The Artist of El Salvador
In this cold weather, his paintings will remind you of spring. Fernando Llort and his colorful paintings are like spring because he depicts many birds and flowers in his paintings. He is also known in El Salvador as the “Nation’s Artist.”
During the 70s, Fernando Llort moved to a small villag
e in Chalatenango, La Palma where he lived most of his life and taught people how to paint and do ceramics. He soon started a cooperative-school where members did wood working. The workshop eventually took the name “The seed of God”. With the first craftsmen the work began with the rustic materials of the area: the same copinol seed and the pine wood, whose drawings were painted with tempera and subsequently varnished.
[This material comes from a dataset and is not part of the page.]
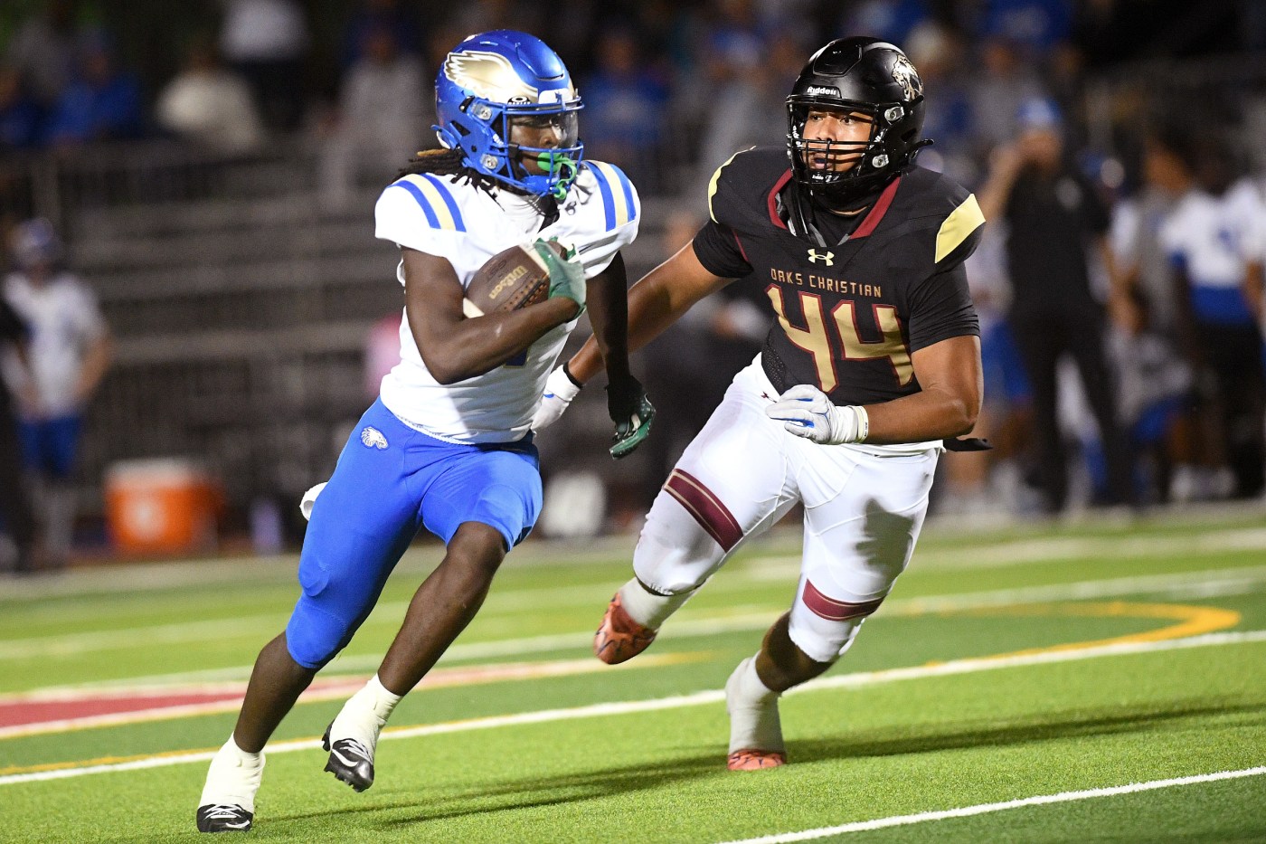 Analysis: The MaxPreps.com national rankings have Bishop Gorman of Las Vegas at No. 7 and Santa Margarita at No. 9. The HSratings.com national rankings put Bishop Gorman at No. 5 and Santa Margarita at No. 9. Santa Margarita has won three in a row since a season-opening 7-3 loss to Mission Viejo. That victory streak includes a 33-27 overtime win over Corona Centennial which beat Mater Dei a couple of weeks later. Santa Margarita got that win, and subsequent wins over Highland 45-13 and Oaks Christian 44-14, without star receiver Trent Mosley, who has been out with a foot or ankle injury of some kind. The Eagles offense has been very productive without him, but he is the best offensive player on their roster. His brother, sophomore receiver Grant Mosley, has been terrific this season. He had seven receptions for 92 yards and a touchdown against Oaks Christian two weeks ago. Sophomore running back Jaion Smith rushed for 122 yards and three touchdowns on 18 carries in that victory. So that side of the offense is good, too. Bishop Gorman lost at home to Mater Dei 27-24 last week. The Gaels were eaten up by Mater Dei’s passing game. Mater Dei’s Ryan Hopkins completed 15 of 18 passes for 251 yards and three touchdowns. Santa Margarita coach Carson Palmer isn’t disclosing Trent Mosley’s status for this game (if I’m Coach Palmer I’m not volunteering that information). Bishop Gorman has a fine passing attack, led by senior quarterback Maika Eugenio, who threw for 295 yards and two touchdowns against Mater Dei. This one is going to be a high-scoring and entertaining shootout, with Bishop Gorman taking a late lead and hanging on in a close game.

Due to the demand for handicrafts, which also gave rise to the "Palmeño style”, the number of workers increased and the cooperative was formalized in 1977.
The work of Fernando Llort has modernist and pop art influences; however, it is impregnated with the traditional culture with pre- Columbian and pre-Renaissance shades and in its way has included the ethnic, local, and religious incentives which form an idealized world, similar to the community that he himself must have imagined in La Palma. His work ignores the borders between cult and popular art, and has prioritized "social function, teaching and community benefit".
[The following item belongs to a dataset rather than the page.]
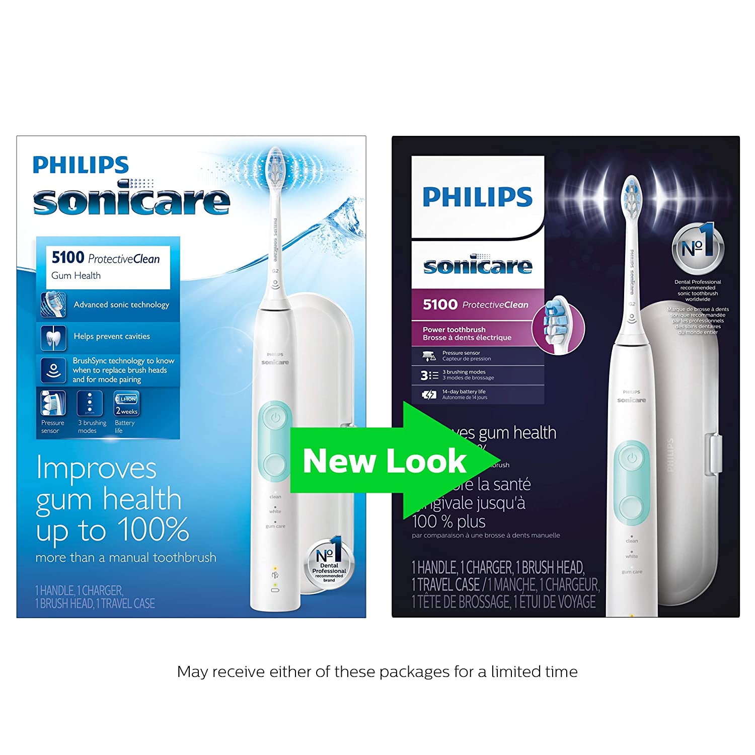 Improve your gum health up to 100% better than a manual toothbrush with the Philips Sonicare ProtectiveClean 5100 rechargeable electric toothbrush. It has a pressure sensor that protects teeth and gums from excess brushing pressure. Brush heads wear out over time. Our BrushSync technology tracks how long you have been using your Optimal Gum Care brush head and how hard you have been brushing. Your electric toothbrush will beep to inform you when to replace your brush head. Customize your own brushing experience with your choice of 3 modes: Clean, White and Gum Care. The easy-start feature slowly increases the power of the brush as you get used to the Sonicare experience and the SmarTimer encourages a full 2 minutes brushing time as recommended by your dental professional. The battery charge indicator light lets you know when it is time recharge; 2 week battery life. The kit includes 1 White ProtectiveClean 5100 handle, 1 Optimal Gum Care brush head, 1 white charger, 1 white travel case. Subscribe & Save on genuine Philips Sonicare brush head replacements and save up to 15%.

Llort's work had already become a symbol of El Salvador's identity, and especially of La Palma. A commission to erect a temple and the elaboration of the ritual objects - among them a stole - contributed to the mass Pope John Paul II officiated in 1983 in the city of San Salvador. Other creations include a mural at the President Hotel (later destroyed), and the decoration of the chapel "Monsignor Romero" in the Central American University Jose Simeon Canas in 1985.
On October 1, 2013, the Ministry of Culture of the Presidency of El Salvador, designated Llort as the winner of the National Culture Award. According to this entity, the awarding of the award was based on "his merits as a cultural manager and for having transformed the community through the teaching of his artistic designs applied to crafts, which developed a sustainable community industry”.